■ **Task description**: Return the data word for word. Pictures are to be omitted.

■ **The data**:
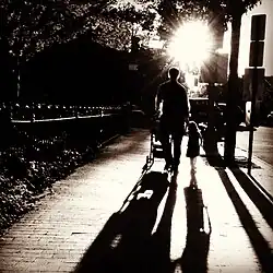 A silhouette of a father and a daughter walking together. The song explores the emotional complexities of fatherhood.
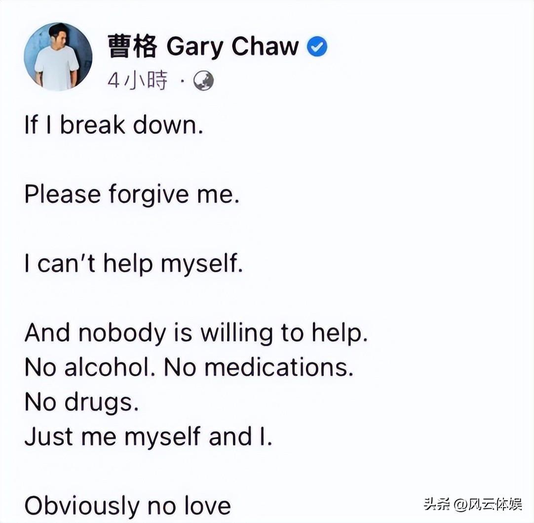 吃瓜群众还在惊讶时,他又莫名其妙地来了一句,我就是爱我老婆,随便你们攻击?更是用了一段英文晦涩地说出了自己真实的想法。那一刻相信曹格是清醒的,他并没有发疯也没有喝酒,只是在用这样的方式在发泄自己那控住不住的情绪。
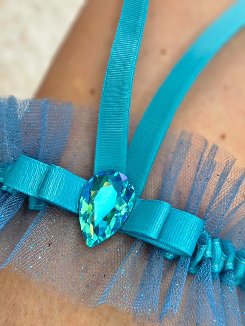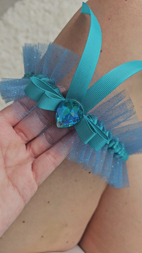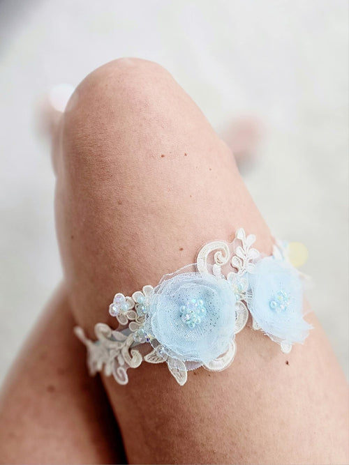 Kolekcja Pearls.Podwiązka z tiulu z koronką i perłami
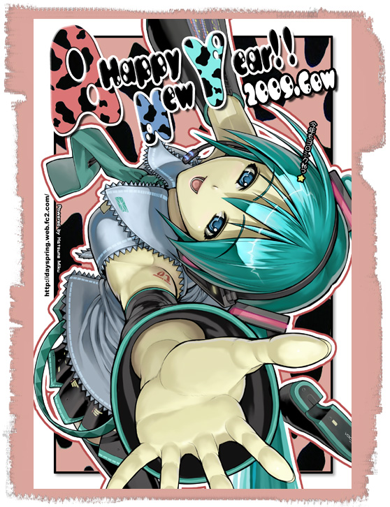 :d00s1girl2009aqua hairaqua necktiearm updetached sleevesfemale focusfrom abovelong sleeveslooking at viewerlooking upnecktienew yearopen mouthoutstretched armpalmspovsmilesolotattoo

■ **Answer section**:
 A silhouette of a father and a daughter walking together. The song explores the emotional complexities of fatherhood.
 吃瓜群众还在惊讶时,他又莫名其妙地来了一句,我就是爱我老婆,随便你们攻击?更是用了一段英文晦涩地说出了自己真实的想法。那一刻相信曹格是清醒的,他并没有发疯也没有喝酒,只是在用这样的方式在发泄自己那控住不住的情绪。
 Kolekcja Pearls.Podwiązka z tiulu z koronką i perłami
 :d00s1girl2009aqua hairaqua necktiearm updetached sleevesfemale focusfrom abovelong sleeveslooking at viewerlooking upnecktienew yearopen mouthoutstretched armpalmspovsmilesolotattoo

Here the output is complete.